▶ _What you are asked to do_:
Once you find the line containing "hands-free voice control", set down exactly that line and every one after it through the end of the listing below, with both ends included and any pictures omitted.

[Dataset section — start]

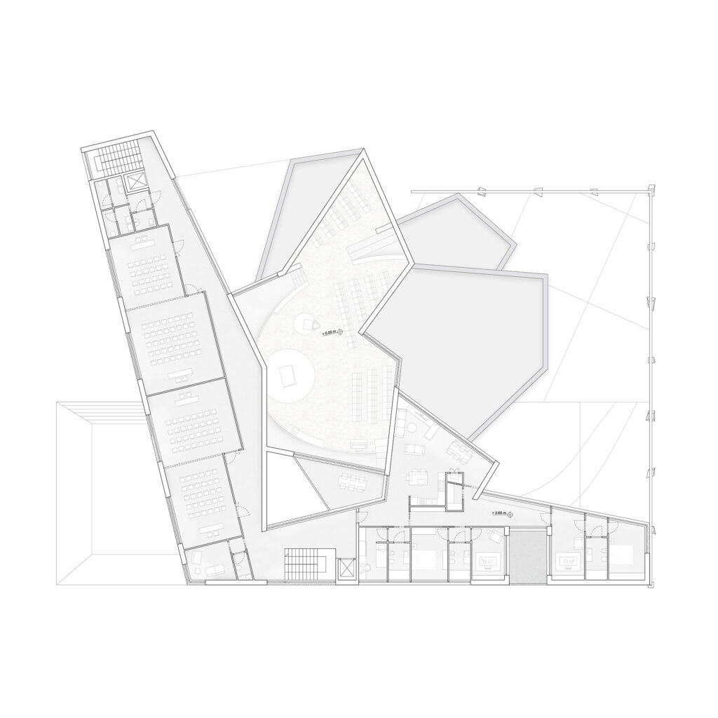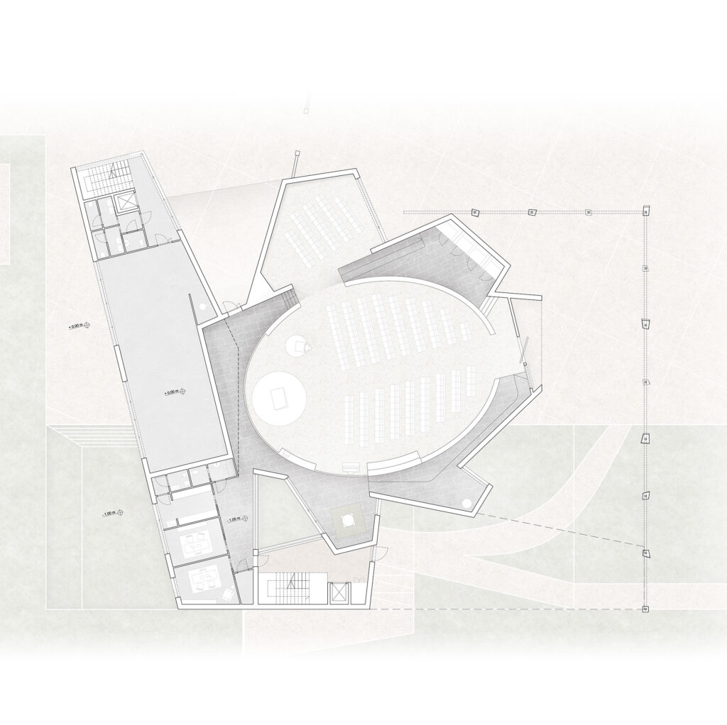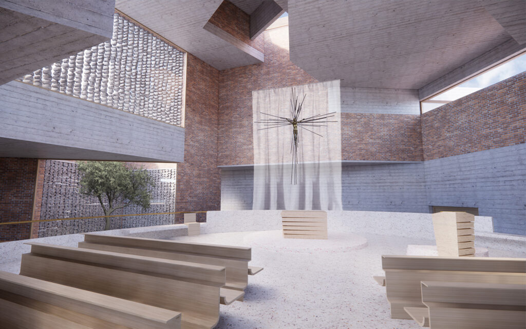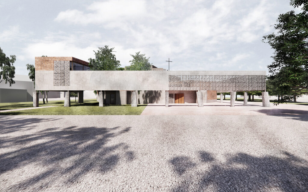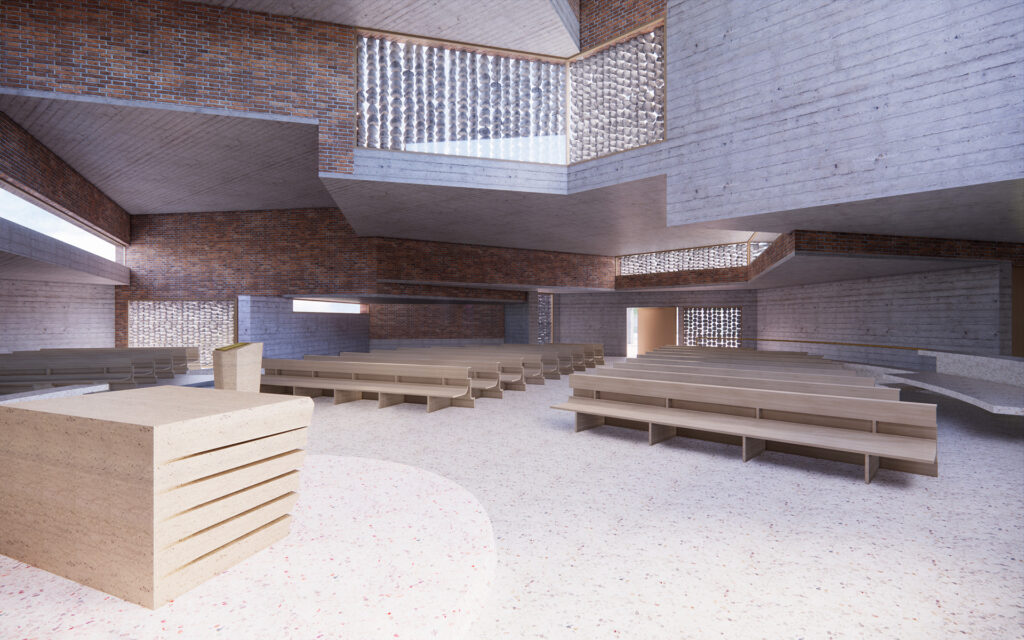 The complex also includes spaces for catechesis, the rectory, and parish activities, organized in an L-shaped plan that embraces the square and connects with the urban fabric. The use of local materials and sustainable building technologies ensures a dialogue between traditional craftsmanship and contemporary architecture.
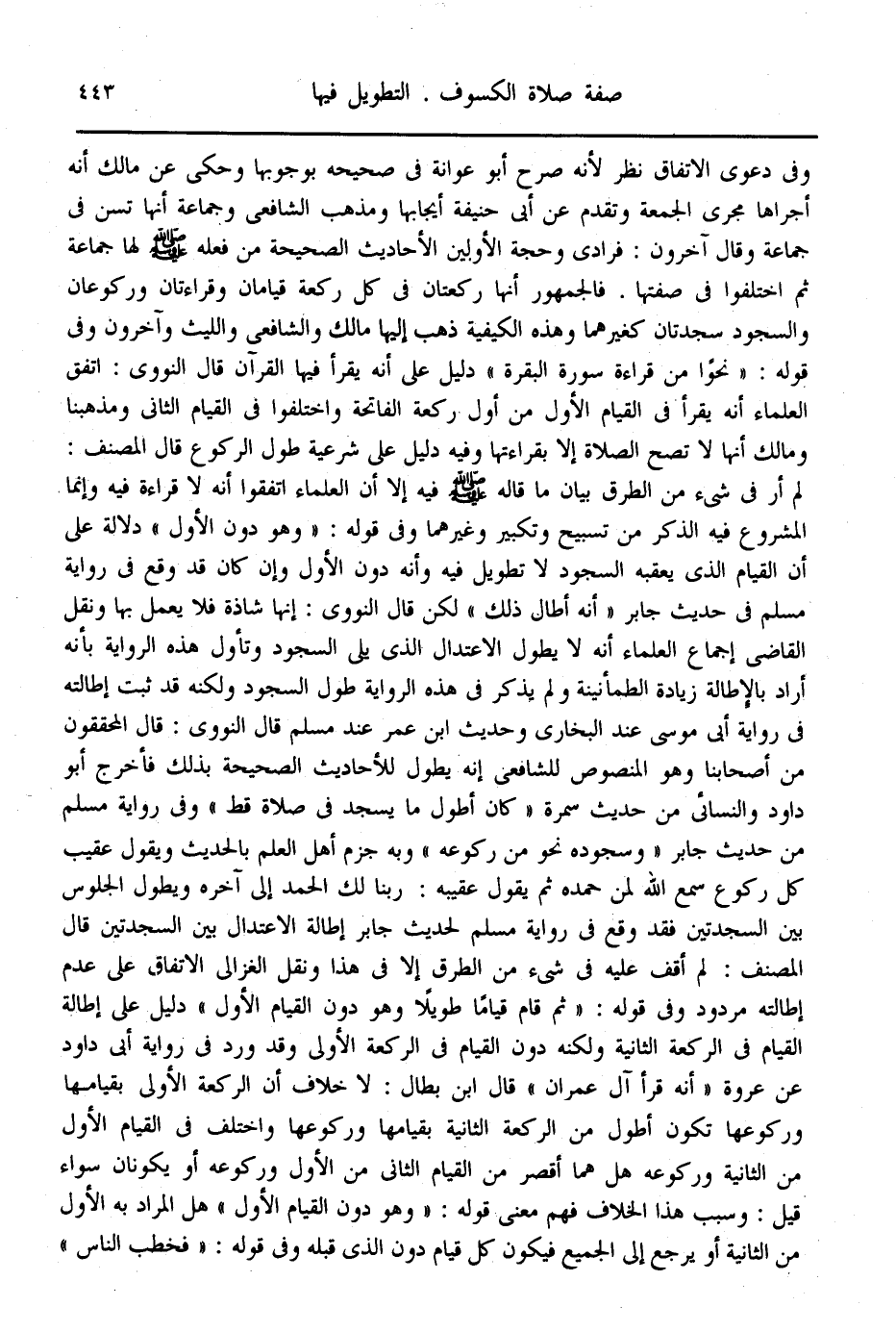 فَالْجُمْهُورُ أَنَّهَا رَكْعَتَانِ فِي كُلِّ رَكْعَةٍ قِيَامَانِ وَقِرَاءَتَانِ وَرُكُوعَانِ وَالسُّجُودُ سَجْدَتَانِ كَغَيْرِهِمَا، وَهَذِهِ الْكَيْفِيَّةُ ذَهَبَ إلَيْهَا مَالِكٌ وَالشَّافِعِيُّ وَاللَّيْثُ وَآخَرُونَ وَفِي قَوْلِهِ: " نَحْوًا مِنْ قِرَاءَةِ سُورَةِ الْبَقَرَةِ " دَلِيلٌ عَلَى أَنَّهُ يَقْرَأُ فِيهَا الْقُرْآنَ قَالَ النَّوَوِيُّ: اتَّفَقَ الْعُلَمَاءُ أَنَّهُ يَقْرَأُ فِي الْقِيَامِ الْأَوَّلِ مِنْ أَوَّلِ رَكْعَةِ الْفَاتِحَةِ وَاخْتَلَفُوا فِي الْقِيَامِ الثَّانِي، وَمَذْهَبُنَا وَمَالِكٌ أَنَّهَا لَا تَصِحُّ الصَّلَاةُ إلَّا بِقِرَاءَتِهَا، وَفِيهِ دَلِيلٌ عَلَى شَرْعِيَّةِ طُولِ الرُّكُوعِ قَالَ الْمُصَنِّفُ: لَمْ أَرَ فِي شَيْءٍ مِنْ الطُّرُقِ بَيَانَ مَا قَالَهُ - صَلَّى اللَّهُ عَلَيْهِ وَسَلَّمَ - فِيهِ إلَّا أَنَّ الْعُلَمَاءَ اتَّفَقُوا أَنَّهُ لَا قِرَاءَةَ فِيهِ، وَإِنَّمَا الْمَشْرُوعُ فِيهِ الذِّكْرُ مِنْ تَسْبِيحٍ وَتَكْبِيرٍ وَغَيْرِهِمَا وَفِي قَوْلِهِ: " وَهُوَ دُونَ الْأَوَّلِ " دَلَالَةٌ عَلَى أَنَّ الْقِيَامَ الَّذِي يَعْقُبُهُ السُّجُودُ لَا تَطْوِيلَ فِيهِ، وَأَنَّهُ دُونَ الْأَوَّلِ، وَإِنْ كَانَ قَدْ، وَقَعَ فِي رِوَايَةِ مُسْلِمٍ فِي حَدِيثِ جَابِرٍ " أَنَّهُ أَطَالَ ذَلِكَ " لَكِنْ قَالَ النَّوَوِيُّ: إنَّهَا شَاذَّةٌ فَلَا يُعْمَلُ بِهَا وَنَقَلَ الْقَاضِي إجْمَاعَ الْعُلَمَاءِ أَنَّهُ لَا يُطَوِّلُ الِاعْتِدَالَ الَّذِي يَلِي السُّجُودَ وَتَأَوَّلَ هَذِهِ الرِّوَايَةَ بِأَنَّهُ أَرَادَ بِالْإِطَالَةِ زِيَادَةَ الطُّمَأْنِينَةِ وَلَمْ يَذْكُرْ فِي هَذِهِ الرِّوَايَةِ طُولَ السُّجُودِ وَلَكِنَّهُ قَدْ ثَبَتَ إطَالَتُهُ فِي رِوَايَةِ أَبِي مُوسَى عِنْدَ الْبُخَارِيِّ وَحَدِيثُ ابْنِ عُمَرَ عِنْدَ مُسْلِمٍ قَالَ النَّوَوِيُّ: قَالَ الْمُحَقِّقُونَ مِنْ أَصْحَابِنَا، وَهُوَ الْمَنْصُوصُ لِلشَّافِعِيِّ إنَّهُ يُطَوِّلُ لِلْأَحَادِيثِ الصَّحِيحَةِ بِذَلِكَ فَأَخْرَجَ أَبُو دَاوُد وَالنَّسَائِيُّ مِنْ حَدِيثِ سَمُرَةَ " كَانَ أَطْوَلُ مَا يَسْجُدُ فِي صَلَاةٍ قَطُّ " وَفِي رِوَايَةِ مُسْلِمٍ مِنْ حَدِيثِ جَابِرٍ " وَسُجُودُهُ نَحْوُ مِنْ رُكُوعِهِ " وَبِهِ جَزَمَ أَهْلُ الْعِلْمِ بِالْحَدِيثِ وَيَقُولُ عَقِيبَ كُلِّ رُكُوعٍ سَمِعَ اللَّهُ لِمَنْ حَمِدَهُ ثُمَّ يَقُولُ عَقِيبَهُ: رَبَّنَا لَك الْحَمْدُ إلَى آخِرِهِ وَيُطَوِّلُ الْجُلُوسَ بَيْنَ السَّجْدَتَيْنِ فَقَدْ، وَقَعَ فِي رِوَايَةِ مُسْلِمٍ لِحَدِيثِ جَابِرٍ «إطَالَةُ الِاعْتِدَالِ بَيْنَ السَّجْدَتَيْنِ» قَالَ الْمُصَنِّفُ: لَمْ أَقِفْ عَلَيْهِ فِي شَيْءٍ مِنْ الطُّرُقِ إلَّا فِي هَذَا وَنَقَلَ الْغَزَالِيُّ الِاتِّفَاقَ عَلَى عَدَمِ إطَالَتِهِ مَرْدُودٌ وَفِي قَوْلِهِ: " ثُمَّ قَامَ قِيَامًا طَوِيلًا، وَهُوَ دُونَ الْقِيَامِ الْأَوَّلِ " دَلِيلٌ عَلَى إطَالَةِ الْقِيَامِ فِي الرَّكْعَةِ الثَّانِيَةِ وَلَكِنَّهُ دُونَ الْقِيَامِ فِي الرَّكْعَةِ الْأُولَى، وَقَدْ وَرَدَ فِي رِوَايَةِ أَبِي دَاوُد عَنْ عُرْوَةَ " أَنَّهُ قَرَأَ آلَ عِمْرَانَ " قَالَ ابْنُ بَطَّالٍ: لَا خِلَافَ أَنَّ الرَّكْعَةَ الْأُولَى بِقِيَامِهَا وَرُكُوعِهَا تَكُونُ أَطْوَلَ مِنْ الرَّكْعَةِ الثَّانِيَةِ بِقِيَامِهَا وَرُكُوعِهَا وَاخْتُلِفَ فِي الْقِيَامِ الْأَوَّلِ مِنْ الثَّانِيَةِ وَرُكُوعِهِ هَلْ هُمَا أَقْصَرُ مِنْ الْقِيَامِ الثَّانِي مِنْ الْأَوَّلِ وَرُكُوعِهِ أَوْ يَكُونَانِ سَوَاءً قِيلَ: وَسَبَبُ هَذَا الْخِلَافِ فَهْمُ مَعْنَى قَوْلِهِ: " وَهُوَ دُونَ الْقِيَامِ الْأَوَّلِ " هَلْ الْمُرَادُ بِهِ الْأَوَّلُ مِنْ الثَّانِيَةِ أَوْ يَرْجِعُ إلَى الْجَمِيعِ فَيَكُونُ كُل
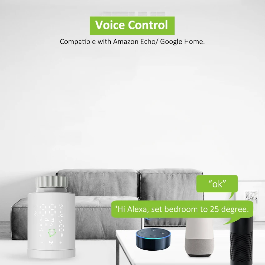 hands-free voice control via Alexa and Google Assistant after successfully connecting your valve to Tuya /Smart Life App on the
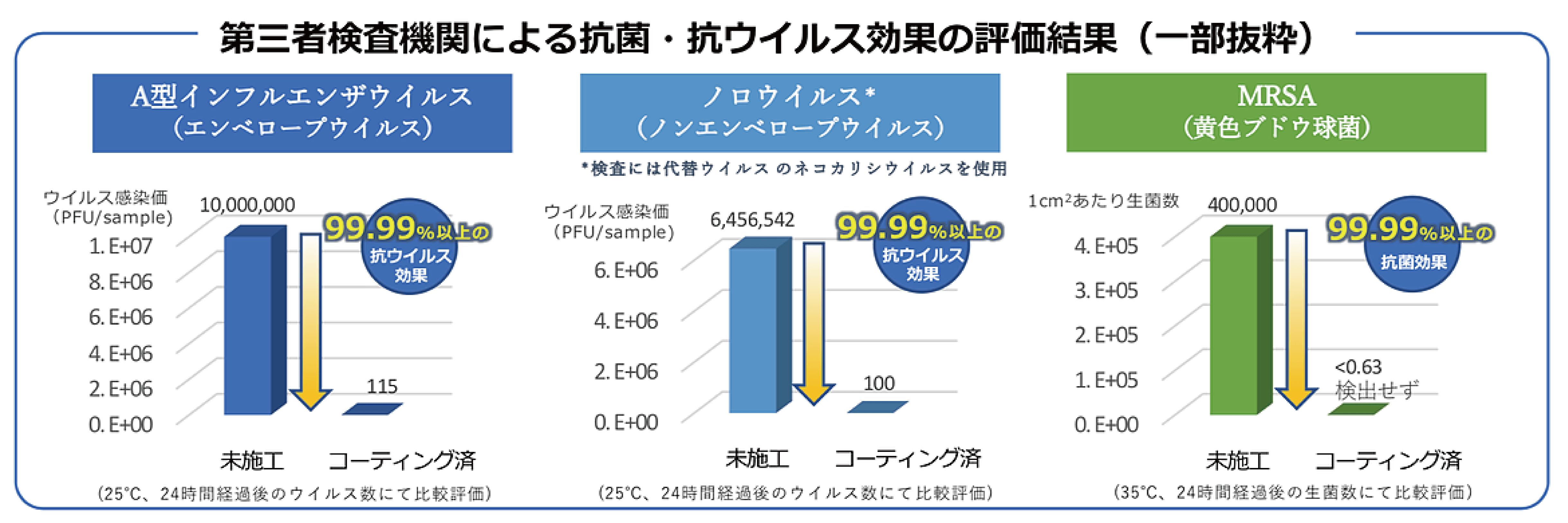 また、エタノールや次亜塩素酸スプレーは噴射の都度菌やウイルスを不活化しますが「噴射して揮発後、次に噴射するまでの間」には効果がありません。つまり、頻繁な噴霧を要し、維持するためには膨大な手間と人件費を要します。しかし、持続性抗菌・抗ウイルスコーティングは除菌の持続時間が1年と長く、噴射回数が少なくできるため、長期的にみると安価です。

[Dataset section — finish]

▶ _Answer for this exercise_:
 hands-free voice control via Alexa and Google Assistant after successfully connecting your valve to Tuya /Smart Life App on the
 また、エタノールや次亜塩素酸スプレーは噴射の都度菌やウイルスを不活化しますが「噴射して揮発後、次に噴射するまでの間」には効果がありません。つまり、頻繁な噴霧を要し、維持するためには膨大な手間と人件費を要します。しかし、持続性抗菌・抗ウイルスコーティングは除菌の持続時間が1年と長く、噴射回数が少なくできるため、長期的にみると安価です。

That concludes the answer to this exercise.